This is my tenth home stay family world wide. One might say I’m experienced. But here, only three months deep, by no means the longest duration, I am beginning to grow truly close.
To be with a family bold and strong and loving enough to really embrace me is a gift I’m so grateful to receive. I wish all of you in my correspondence the same gifts I am so lucky to have out here.
For this holiday season, find someone you love, hold them close with your hands, and whisper a secret to them. You just might surprise yourself.
Merry Christmas, and have a happy New Year.
Originally Written Dec. 24th, 2009
The Three R’s
I’ve spent the past two weeks giving presentations on solid waste at each of the 6 the local K-12 schools. The teachers prepared 30 students, ages 15 – 17 interested in the subject, and we prepared a training and a coffee break. Good deal all around.

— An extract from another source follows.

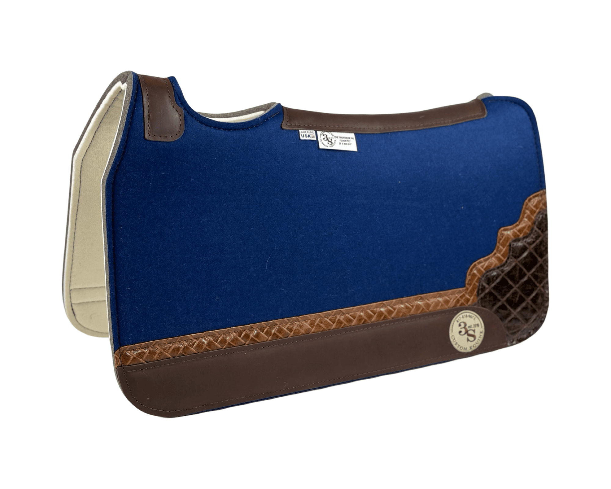 Tradition *HP* Pad – 28x30x3/4″ Fusion Felt – Color Pop Midnight Blue – Shadow Corner w/strip 23/11 – Brown Wear leather

As my first real foray into the schools here, I’ve been just taken aback. As in America, the buildings hustle and bustle, feeling like their own worlds of miniature people. They frequent large murals of the hero Manas and idyllic mountain scenes. The boys generally where clean, well tailored suites, and the girls some variation on the white blouse and dark slacks. In the classes we teach, there is no semblance of that Asian stereotype, passive, quiet listening. The kids pay attention, but they are quick to ask questions, and debate rules the day. They have strong memories and are keen on group work. In all, it reminds me of my high school days at Northside College Prep in Chicago.
In this way, too, the kids are universal. There are the quieter kids, the louder, more outwardly confident ones, and even the jokers. One young man, sporting a clean cut look and spiffy little suit, topped off his ensemble with a beanie perched precariously on his head. He was the same joker seen at every school I’ve ever attended.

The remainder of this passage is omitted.